I wonder if anyone else has this problem.
This week, I finally wrapped my head around Tumble, the basic parser engine I've been working my way up to since about January or so. It really shouldn't have taken so long, but I had a lot to learn, a lot of false starts, a change of job, and a generally busy life.
Tumble is one part of a project that I've been working on for the past year. The other parts are named Crest, Dragon, Candy, and French Press-- they're all part of a decoupled CMS written in NodeJS mostly meant for fiction writers. Candy is a meta-system on top of Tumble for theme management. French Press is a back-end. Crest is an intake engine and Content-Editable aware piece for fixing stories after they're done. Dragon is a template package for Tumble that spits out the stories in EPUB and LaTeX formats for alternative distribution channels.

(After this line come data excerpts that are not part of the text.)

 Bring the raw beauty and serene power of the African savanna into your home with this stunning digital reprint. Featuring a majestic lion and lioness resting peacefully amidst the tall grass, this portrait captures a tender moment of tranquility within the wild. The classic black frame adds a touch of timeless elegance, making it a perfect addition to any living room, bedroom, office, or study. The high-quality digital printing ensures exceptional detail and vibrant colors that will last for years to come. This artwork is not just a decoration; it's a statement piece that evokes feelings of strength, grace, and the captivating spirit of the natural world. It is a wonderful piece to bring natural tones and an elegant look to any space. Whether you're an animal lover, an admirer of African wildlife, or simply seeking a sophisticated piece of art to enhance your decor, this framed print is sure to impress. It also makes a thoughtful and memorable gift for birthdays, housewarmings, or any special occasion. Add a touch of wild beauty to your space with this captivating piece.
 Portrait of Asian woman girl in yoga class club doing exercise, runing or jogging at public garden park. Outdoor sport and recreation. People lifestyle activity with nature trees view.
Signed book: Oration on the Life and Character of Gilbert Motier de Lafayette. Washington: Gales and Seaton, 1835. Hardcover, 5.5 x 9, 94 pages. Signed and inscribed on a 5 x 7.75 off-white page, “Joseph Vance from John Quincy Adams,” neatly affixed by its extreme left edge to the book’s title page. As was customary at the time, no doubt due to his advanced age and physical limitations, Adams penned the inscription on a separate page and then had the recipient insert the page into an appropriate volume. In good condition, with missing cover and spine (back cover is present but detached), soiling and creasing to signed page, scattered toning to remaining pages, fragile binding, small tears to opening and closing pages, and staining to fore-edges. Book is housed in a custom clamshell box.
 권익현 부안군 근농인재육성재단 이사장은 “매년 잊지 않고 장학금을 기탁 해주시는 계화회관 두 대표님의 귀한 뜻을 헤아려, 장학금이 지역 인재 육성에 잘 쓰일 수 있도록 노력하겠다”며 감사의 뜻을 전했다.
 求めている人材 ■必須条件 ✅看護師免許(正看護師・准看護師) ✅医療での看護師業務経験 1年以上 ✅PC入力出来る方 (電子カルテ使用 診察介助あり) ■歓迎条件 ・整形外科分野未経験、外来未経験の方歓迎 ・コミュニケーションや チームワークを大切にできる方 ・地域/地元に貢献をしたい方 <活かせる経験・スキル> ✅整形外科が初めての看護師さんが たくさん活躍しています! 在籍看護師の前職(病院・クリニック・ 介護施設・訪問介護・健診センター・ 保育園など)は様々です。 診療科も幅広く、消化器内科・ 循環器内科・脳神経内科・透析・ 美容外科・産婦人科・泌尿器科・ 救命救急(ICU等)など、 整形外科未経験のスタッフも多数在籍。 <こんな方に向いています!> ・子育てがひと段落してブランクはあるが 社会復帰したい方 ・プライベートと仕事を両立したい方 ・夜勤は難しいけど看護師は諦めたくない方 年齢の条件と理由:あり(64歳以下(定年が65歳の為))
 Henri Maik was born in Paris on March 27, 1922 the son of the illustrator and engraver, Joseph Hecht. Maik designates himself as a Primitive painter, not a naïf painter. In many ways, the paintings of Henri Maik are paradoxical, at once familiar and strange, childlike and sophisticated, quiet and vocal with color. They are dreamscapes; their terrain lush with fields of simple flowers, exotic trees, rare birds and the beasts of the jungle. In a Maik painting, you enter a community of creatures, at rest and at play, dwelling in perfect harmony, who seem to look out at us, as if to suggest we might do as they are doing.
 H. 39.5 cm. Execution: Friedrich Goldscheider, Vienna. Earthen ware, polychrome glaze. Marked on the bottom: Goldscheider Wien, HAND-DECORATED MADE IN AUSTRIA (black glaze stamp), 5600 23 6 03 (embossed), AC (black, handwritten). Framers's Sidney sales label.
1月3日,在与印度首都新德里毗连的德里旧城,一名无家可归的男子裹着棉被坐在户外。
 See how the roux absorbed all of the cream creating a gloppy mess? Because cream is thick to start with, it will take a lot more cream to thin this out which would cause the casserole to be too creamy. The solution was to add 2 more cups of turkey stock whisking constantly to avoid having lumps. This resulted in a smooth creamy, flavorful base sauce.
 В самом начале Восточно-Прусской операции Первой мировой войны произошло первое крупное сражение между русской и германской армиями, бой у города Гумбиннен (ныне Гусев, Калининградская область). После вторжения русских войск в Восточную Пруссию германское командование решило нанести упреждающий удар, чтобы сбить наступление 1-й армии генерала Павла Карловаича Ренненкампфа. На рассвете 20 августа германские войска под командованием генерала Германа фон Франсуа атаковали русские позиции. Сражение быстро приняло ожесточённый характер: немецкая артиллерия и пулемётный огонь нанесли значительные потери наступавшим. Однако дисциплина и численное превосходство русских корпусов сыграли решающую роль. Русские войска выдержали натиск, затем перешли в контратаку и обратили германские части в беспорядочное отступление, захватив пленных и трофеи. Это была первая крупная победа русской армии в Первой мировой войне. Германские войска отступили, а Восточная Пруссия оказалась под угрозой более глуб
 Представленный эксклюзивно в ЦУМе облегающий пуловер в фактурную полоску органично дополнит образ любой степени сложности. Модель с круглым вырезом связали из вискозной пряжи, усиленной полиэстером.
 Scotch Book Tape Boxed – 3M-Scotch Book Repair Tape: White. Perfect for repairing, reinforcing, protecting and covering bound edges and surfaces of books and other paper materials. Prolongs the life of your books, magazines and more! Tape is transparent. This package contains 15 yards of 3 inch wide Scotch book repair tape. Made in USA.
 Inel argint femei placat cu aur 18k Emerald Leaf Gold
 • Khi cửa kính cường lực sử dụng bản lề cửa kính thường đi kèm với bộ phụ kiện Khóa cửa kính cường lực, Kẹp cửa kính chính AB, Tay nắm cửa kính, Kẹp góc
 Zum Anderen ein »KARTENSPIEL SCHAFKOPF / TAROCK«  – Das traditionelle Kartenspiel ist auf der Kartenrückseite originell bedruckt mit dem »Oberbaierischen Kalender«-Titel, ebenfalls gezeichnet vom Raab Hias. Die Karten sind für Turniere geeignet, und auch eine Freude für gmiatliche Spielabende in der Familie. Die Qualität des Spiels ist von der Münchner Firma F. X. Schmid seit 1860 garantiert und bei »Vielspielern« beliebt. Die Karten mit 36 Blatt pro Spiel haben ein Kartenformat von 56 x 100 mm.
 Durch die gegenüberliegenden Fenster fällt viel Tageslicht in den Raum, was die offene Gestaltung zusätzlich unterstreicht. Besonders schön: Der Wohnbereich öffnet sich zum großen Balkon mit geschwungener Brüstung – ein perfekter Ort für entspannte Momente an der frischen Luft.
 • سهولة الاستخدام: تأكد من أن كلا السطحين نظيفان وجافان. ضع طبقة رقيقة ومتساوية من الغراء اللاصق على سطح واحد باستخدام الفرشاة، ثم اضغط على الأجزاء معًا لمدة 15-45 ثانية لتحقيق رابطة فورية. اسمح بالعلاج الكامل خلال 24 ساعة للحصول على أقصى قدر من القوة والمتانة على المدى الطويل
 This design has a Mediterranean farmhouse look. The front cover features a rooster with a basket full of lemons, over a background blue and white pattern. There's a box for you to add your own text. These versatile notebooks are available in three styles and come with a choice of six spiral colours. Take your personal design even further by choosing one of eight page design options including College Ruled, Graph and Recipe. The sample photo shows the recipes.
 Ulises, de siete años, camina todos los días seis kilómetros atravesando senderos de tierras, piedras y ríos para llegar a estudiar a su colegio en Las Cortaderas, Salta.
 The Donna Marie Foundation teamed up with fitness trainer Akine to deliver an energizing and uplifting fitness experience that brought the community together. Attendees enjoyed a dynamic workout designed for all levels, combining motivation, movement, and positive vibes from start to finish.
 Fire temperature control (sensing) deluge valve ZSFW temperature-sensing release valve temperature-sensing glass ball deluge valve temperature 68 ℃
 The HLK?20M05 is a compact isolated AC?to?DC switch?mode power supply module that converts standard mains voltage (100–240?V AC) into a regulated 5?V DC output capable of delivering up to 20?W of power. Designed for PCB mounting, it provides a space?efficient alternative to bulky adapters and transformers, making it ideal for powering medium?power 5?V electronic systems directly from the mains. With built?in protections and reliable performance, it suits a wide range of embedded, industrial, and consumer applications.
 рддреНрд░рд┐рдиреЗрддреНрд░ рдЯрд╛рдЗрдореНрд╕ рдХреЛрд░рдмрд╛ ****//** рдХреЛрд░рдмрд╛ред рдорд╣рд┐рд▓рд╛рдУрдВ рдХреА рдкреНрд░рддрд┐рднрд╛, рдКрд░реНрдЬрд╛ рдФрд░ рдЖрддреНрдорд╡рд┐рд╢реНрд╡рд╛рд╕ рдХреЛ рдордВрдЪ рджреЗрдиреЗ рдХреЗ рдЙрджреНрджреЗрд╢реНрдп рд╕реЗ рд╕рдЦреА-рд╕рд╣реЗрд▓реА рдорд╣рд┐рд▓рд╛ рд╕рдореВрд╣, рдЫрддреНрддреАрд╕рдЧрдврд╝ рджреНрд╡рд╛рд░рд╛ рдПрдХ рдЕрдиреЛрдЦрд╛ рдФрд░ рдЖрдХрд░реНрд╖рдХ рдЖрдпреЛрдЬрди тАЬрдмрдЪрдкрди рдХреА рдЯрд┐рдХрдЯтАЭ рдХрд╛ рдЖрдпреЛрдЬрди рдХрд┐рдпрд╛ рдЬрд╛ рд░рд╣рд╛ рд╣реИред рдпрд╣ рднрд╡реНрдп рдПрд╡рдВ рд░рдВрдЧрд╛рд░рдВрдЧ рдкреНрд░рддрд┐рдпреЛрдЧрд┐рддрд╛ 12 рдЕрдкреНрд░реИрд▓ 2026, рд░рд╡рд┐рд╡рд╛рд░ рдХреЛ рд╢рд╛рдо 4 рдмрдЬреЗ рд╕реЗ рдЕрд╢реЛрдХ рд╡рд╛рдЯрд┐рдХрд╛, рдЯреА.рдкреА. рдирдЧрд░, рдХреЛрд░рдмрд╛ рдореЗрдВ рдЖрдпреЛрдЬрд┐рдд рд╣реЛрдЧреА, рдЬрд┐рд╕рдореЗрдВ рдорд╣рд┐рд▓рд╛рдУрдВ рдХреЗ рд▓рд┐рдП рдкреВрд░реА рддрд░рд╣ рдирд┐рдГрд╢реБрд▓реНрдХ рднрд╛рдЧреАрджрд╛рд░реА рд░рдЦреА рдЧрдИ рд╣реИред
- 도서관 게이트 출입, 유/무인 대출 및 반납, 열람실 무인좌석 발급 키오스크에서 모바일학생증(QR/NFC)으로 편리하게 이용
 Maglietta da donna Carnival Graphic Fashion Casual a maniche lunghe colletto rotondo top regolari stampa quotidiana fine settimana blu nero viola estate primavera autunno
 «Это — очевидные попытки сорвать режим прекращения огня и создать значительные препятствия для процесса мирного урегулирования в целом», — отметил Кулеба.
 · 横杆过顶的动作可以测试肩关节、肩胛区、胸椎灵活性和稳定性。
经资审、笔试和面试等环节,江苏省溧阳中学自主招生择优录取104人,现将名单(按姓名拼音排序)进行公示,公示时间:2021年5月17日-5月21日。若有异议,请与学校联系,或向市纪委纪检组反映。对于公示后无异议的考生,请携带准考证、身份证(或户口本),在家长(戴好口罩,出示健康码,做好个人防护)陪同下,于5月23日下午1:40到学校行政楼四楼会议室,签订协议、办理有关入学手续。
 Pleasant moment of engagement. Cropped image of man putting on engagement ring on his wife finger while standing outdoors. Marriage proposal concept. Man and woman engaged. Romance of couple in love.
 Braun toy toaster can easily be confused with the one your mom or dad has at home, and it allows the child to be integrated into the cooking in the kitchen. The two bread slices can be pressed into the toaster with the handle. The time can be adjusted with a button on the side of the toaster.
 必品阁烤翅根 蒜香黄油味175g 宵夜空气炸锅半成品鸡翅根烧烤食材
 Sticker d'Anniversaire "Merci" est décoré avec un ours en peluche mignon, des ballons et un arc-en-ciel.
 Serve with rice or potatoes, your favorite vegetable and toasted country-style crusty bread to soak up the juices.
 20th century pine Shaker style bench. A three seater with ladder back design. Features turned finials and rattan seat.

I should work on any one of those. Probably French Press next, as it would help get the back-end toolkit rolling, and it must be working before Crest or any of the other toolkits make sense. But I don't wanna. I'm not even particularly unhappy with Tumble; it's a good piece of software, all told, and it has alternative output mechanisms that make it suitable to Candy or Dragon, but it's... I'm just glad it's done, and it'll be a few days before I want to get back into that sort of thing.
Do you ever have post-project blues?